PFlash: 10x prefill speedup over llama.cpp at 128K on a RTX 3090

Reddit r/LocalLLaMA / 5/1/2026

💬 OpinionDeveloper Stack & InfrastructureTools & Practical UsageModels & Research

Key Points

  • PFlash proposes an in-process “speculative prefill” approach for long-context decoding on quantized 27B targets, using C++/CUDA only, to skip computation for prompt spans that are unlikely to matter.
  • On an RTX 3090 with Qwen3.6-27B Q4_K_M, it reports roughly 10× faster TTFT at 128K context (24.8s vs ~257s for vanilla llama.cpp), and about 10× faster at 64K (13.5s vs 134.95s).
  • The method preserves end-to-end NIAH retrieval while avoiding a slow prefill bottleneck, targeting the typical O(S²) scaling cost that makes ultra-long prompts feel unresponsive.
  • The work combines ideas from Speculative Prefill, Cross-Family Speculative Prefill, and FlashPrefill (plus block-sparse attention) into an open-source repository (MIT) without requiring Python, Triton, or PyTorch in the inference loop.
PFlash: 10x prefill speedup over llama.cpp at 128K on a RTX 3090

Hey fellow Llamas, thank you for all the nice words and great feedback on the last post I made. We have something new we thought would be useful to share. As always your time is precious, so I'll keep it short.
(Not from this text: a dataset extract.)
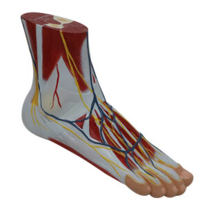 O modelo de anatomia do pé humano de 3 peças em tamanho real apresenta os detalhes dos músculos, ligamentos, artérias e nervos. Esta réplica também possui texturas realistas e exibe com precisão os marcos do pé.
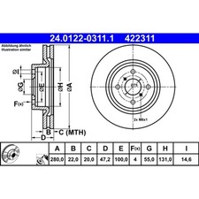 ATE Bremsscheibe Außendurchmesser [mm]:280,0 mm Prüfzeichen:E1 90R-02C0115/1125 Zentrierungsdurchmesser [mm]:55,0 mm Mindestdicke [mm]:20,0 mm MAPP-Code vorhanden Bremsscheibendicke [mm]:22,0 mm Innendurchmesser [mm]:131,0 mm Lochanzahl:4 Oberfläche:beschichtet Lochkreis-Ø [mm]:100,0 mm Höhe [mm]:46,2 mm Bohrung-Ø [mm]:14,6 mm Bremsscheibenart:belüftetPreis pro Stück! Bremsscheiben müssen immer paarweise gewechselt werden! , u.a. für Toyota Yaris (P13), 1497 cm³, 75 PS (55 kW), ab 3/2012, KBA-Nr: 5013AHVToyota Yaris (P13), 1497 cm³, 73 PS (54 kW), ab 4/2015, KBA-Nr: 5013AJSToyota Yaris (P13), 1496 cm³, 112 PS (82 kW), ab 3/2017, KBA-Nr: 5013ALGToyota Yaris (P13), 1496 cm³, 111 PS (82 kW), ab 3/2017 , OE-Nummer:HERTH+BUSS JAKOPARTS:J3302199BREMBO:09.D573.11BOSCH:0 986 479 E37MINTEX:MDC2763HELLA:8DD 355 125-491FTE:BS7828BTEXTAR:92287603REMSA:61656.10DELPHI:BG4762CNIPPARTS:N3302197HELLA PAGID:8DD 355 125-491ZIMMERMANN:590.2831.52NK:3145178ZIMMERMANN:590.2831.20ROADHOUSE:61656.10

We built speculative prefill for long-context decode on quantized 27B targets, C++/CUDA only. A small drafter loaded in-process scores token importance over the full prompt; the heavy target only prefills the spans that matter.

Repo: github.com/Luce-Org/lucebox-hub (open source, MIT).

Head-to-head on Qwen3.6-27B Q4_K_M, RTX 3090, single-shot: 24.8 s TTFT vs ~257 s for vanilla llama.cpp = ~10.4× at 128K (and 13.5 s vs 134.95 s = 10.0× at 64K), with NIAH retrieval preserved end-to-end. No Python, no Triton, no PyTorch in the inference loop.

The problem

Q4_K_M Qwen3.6-27B on a 24 GB 3090 decodes fast (~74 tok/s with DFlash spec decode), but prefill scales O(S²). On a 131K-token prompt, vanilla llama.cpp takes 248.4 s cold (llama-bench pp131072 --no-warmup -r 1, 527.6 tok/s). That is 4.1 minutes staring at a blank screen before the first token. Decode is fast, but the wait kills the UX. Warmed steady-state is better (169.3 s at 128K) but still painful, and grows quadratically as you push context.

Standing on shoulders

This work stands on two recent papers, both excellent reads:

  • Speculative Prefill (Liu et al, arXiv 2502.02789) and Cross-Family Speculative Prefill (SambaNova, ICLR 2026). Insight: a small draft model's attention pattern over a long prompt faithfully predicts which tokens matter for the answer. Run the draft, score per-token importance, keep the top spans, drop the rest.
  • FlashPrefill (Fan et al, 2026). Block-sparse attention so the drafter itself does not pay O(S²) at 128K.
  • mit-han-lab/Block-Sparse-Attention (BSA) for the FA-2-derived sm_80+ sparse forward.
  • ggml / llama.cpp for the runtime. We link libggml*.a and never libllama.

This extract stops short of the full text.